- [DATA TO PROCESS]:

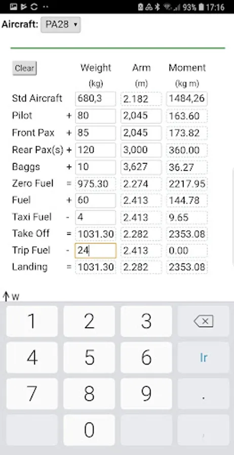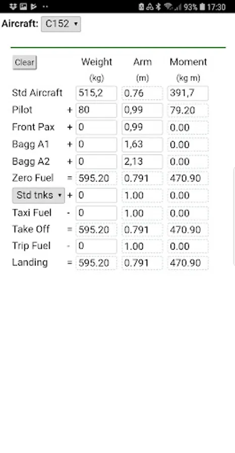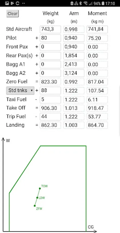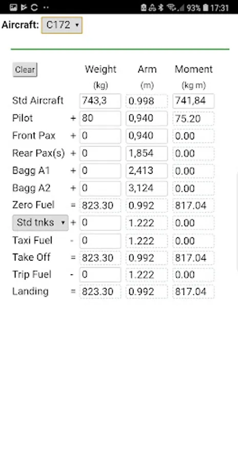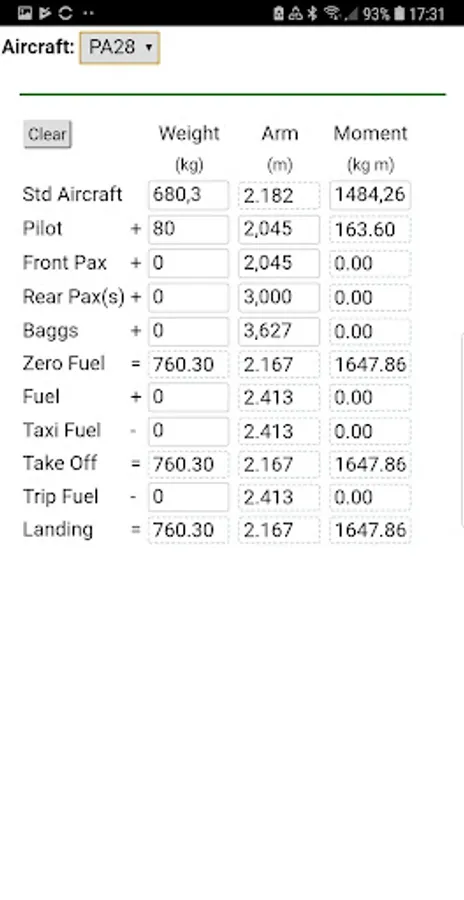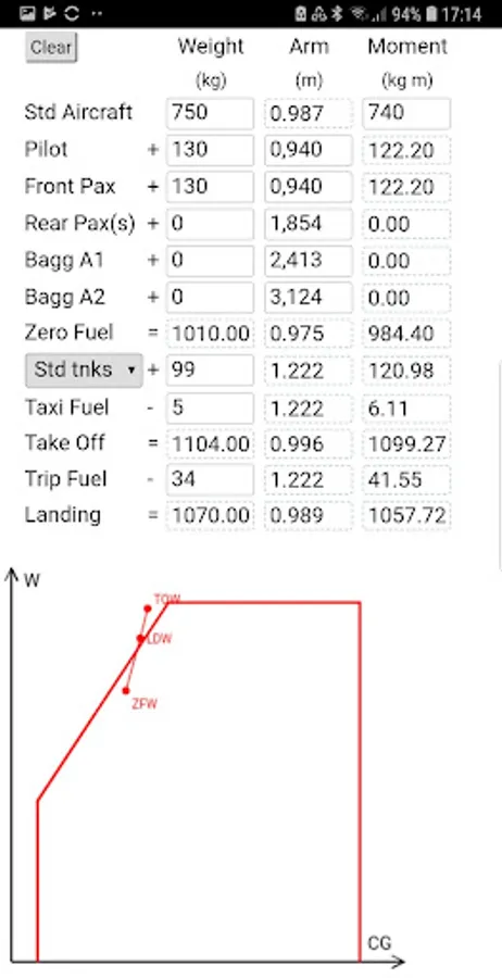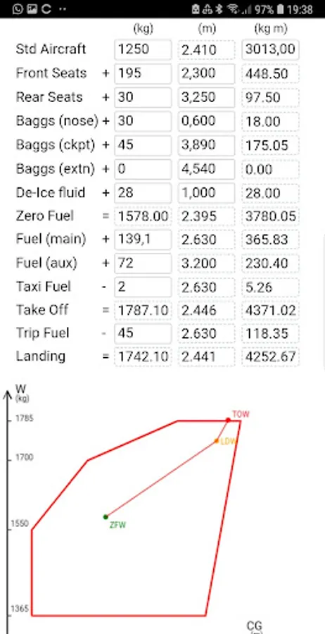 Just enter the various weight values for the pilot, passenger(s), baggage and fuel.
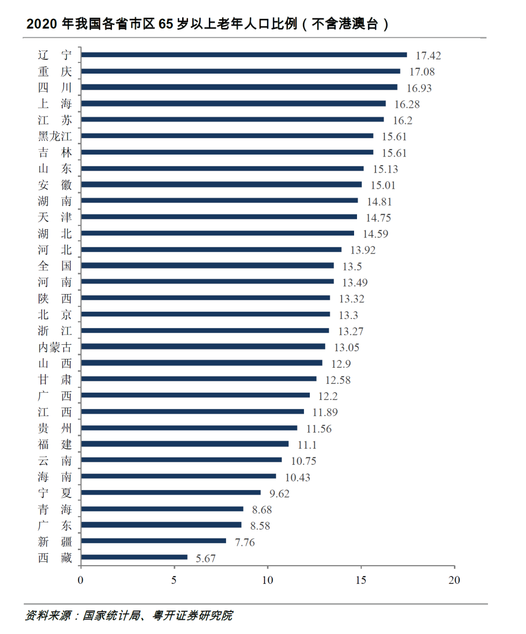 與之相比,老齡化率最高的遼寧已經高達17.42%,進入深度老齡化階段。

==

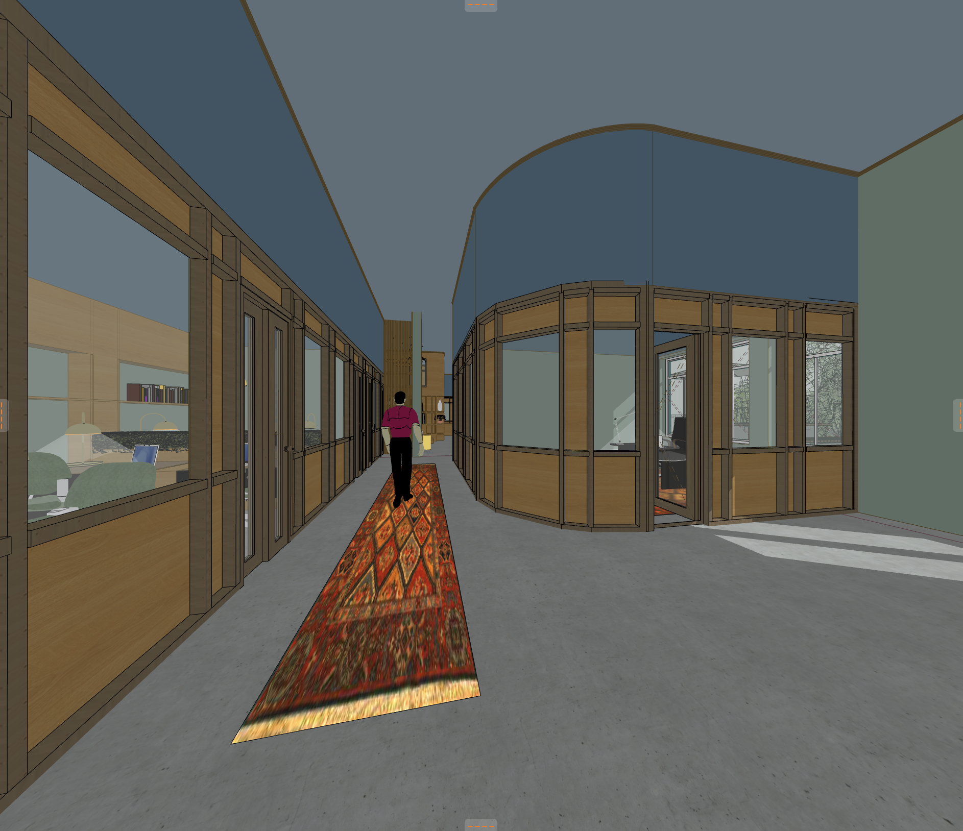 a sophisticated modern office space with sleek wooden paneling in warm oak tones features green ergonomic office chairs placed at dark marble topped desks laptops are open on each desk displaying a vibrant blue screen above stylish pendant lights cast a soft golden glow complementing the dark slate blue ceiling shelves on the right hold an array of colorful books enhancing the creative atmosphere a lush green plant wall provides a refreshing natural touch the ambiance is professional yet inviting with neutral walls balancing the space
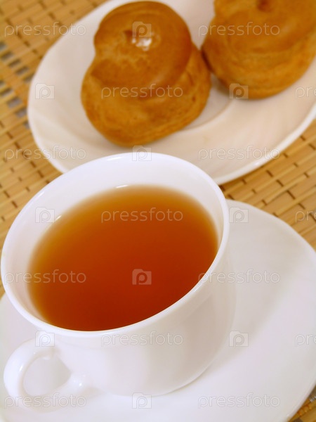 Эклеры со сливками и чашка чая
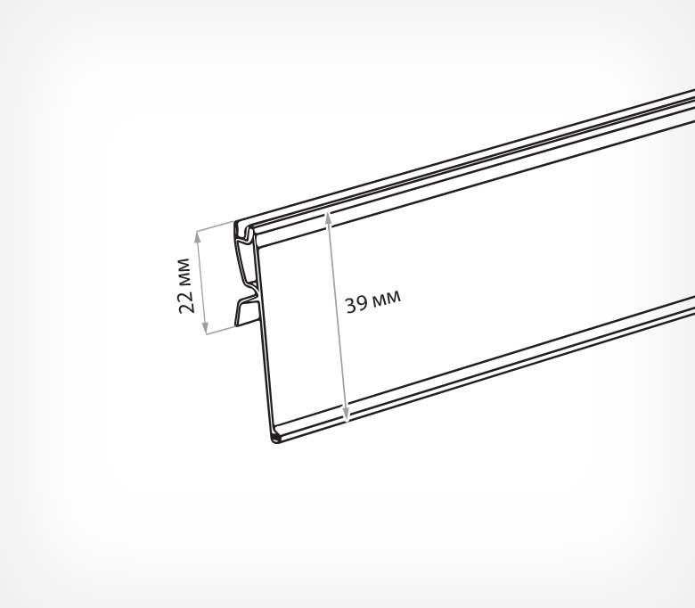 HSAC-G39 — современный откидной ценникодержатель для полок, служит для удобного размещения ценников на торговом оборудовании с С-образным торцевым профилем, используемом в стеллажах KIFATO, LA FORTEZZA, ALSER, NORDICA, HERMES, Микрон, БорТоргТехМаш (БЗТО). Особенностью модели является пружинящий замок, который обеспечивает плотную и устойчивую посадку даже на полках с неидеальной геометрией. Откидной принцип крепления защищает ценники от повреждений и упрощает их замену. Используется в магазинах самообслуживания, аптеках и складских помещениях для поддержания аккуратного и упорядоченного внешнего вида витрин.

- [DIRECTIONS FOR THIS TASK]: Please transcribe exactly the part of the records that opens with the line containing "Just enter the" and closes with the line containing "與之相比,老齡化率最高的遼寧已經高達17.42%,進入深度老齡化階段。", both ends included, and leave out the pictures.

- [RESULT]:
 Just enter the various weight values for the pilot, passenger(s), baggage and fuel.
 與之相比,老齡化率最高的遼寧已經高達17.42%,進入深度老齡化階段。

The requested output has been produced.